- [Description of the task]: Entries follow. Give back exactly the lines starting at the one containing "棟板金の下には「貫板」と呼ば" and ending at the one containing "2022年11月28日,俞立教授团队在Nature Cell Biology上发表文章Monocytes", and no other lines.

- [Source information]:
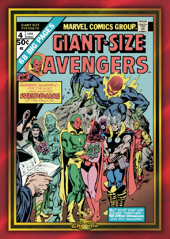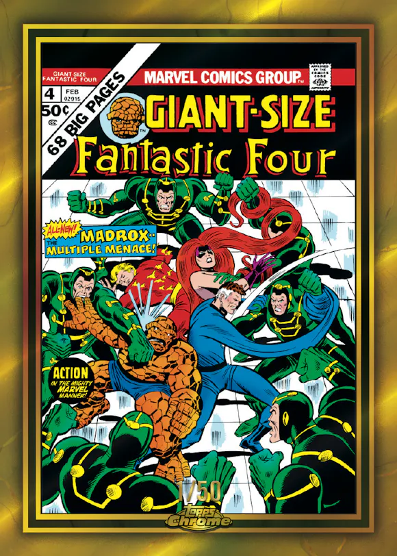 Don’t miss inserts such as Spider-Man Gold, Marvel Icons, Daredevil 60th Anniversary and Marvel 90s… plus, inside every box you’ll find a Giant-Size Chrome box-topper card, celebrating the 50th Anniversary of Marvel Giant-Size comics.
==
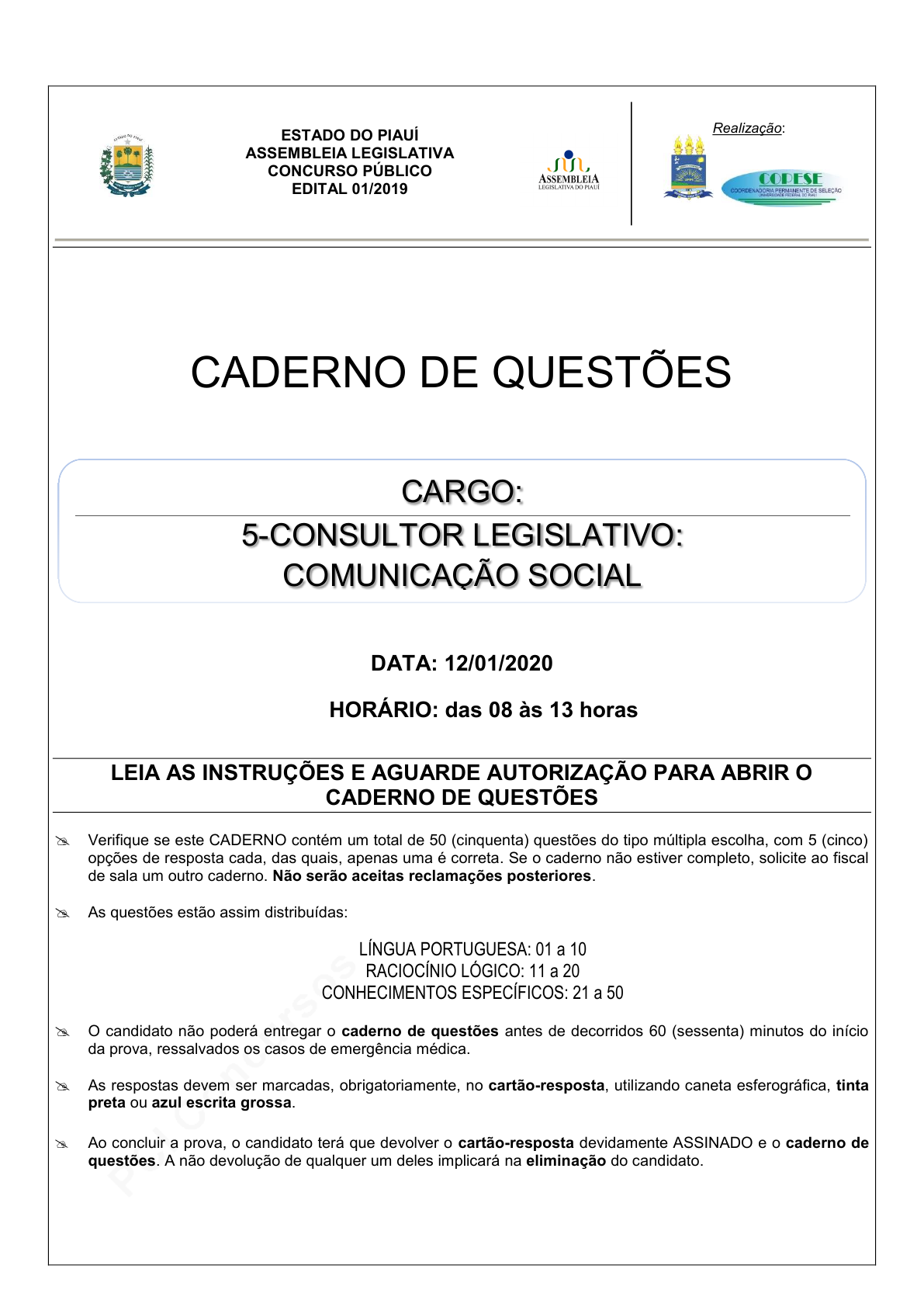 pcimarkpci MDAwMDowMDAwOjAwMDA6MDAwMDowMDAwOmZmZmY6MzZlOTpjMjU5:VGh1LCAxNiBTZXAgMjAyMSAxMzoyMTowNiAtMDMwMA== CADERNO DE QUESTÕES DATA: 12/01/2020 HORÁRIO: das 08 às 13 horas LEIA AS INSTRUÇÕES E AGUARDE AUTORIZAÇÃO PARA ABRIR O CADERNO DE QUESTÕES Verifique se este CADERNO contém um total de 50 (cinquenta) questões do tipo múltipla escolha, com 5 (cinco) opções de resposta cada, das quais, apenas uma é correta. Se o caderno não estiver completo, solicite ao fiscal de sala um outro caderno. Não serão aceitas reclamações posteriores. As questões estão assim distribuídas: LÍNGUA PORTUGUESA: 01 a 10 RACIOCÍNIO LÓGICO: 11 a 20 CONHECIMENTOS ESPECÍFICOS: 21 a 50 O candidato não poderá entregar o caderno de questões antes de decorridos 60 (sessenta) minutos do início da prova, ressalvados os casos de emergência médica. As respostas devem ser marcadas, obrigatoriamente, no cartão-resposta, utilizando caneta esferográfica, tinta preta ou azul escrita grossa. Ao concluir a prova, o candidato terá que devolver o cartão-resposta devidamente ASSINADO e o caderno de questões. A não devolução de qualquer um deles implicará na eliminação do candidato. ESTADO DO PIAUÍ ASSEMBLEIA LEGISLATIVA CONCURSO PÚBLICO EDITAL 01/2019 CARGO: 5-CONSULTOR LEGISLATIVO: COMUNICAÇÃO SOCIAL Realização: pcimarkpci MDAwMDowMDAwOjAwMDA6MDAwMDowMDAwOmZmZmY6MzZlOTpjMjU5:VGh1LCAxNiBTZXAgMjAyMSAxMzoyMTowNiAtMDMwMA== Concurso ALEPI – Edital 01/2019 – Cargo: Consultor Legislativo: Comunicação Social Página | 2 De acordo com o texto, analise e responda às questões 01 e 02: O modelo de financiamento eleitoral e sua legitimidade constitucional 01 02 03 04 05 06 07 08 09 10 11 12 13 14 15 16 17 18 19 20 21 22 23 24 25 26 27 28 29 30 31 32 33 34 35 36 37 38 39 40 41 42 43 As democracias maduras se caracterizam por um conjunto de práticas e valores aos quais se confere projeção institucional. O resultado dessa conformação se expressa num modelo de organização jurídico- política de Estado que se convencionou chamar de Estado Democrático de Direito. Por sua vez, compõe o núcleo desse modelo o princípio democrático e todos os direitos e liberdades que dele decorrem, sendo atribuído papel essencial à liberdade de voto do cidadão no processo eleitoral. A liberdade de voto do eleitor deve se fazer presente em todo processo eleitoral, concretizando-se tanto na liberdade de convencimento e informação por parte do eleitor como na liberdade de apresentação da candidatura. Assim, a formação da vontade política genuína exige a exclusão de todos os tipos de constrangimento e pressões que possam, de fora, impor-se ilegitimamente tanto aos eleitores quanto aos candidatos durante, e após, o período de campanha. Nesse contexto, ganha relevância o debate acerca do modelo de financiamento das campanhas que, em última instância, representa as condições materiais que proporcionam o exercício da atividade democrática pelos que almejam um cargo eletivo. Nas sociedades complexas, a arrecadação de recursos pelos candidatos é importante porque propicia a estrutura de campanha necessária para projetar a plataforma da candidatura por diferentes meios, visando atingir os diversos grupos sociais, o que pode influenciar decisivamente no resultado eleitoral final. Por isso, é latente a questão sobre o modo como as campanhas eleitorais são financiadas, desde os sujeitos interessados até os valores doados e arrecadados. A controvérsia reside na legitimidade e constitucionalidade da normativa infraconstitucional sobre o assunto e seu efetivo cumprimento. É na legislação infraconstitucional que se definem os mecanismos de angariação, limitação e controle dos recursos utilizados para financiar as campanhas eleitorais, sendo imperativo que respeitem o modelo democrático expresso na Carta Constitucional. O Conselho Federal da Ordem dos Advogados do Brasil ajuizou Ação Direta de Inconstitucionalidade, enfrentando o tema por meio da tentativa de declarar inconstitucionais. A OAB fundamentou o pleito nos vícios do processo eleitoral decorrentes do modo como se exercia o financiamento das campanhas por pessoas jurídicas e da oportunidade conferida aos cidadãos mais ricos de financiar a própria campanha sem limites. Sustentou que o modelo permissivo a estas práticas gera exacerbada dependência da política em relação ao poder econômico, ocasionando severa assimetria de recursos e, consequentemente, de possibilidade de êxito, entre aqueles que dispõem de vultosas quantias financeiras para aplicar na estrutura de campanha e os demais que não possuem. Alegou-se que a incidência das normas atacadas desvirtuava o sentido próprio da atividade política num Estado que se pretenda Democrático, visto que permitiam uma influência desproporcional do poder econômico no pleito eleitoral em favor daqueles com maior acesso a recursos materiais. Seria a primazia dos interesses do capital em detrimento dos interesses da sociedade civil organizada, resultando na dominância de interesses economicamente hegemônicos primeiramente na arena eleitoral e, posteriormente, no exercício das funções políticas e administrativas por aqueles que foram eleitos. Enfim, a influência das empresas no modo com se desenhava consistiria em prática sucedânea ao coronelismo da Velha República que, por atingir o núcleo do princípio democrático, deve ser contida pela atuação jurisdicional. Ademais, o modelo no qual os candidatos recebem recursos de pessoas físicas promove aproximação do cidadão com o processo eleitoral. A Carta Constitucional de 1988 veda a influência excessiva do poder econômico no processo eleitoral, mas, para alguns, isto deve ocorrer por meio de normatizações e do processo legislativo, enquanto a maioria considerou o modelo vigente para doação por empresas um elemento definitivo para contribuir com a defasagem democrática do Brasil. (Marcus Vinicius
* * *
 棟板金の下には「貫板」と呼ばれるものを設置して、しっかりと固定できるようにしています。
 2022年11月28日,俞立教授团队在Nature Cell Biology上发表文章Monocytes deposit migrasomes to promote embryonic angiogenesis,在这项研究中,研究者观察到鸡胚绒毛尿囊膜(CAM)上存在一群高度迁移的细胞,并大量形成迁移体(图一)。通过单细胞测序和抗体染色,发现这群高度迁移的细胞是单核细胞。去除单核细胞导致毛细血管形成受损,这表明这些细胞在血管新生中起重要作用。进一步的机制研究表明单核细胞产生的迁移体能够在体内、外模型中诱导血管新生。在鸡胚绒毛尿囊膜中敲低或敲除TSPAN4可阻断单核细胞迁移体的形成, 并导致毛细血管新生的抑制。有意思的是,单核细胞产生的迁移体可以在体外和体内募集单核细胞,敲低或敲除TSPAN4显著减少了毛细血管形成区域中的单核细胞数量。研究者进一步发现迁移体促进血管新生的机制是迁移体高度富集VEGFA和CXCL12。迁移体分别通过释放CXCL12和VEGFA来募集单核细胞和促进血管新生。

- [Response area]:
 棟板金の下には「貫板」と呼ばれるものを設置して、しっかりと固定できるようにしています。
 2022年11月28日,俞立教授团队在Nature Cell Biology上发表文章Monocytes deposit migrasomes to promote embryonic angiogenesis,在这项研究中,研究者观察到鸡胚绒毛尿囊膜(CAM)上存在一群高度迁移的细胞,并大量形成迁移体(图一)。通过单细胞测序和抗体染色,发现这群高度迁移的细胞是单核细胞。去除单核细胞导致毛细血管形成受损,这表明这些细胞在血管新生中起重要作用。进一步的机制研究表明单核细胞产生的迁移体能够在体内、外模型中诱导血管新生。在鸡胚绒毛尿囊膜中敲低或敲除TSPAN4可阻断单核细胞迁移体的形成, 并导致毛细血管新生的抑制。有意思的是,单核细胞产生的迁移体可以在体外和体内募集单核细胞,敲低或敲除TSPAN4显著减少了毛细血管形成区域中的单核细胞数量。研究者进一步发现迁移体促进血管新生的机制是迁移体高度富集VEGFA和CXCL12。迁移体分别通过释放CXCL12和VEGFA来募集单核细胞和促进血管新生。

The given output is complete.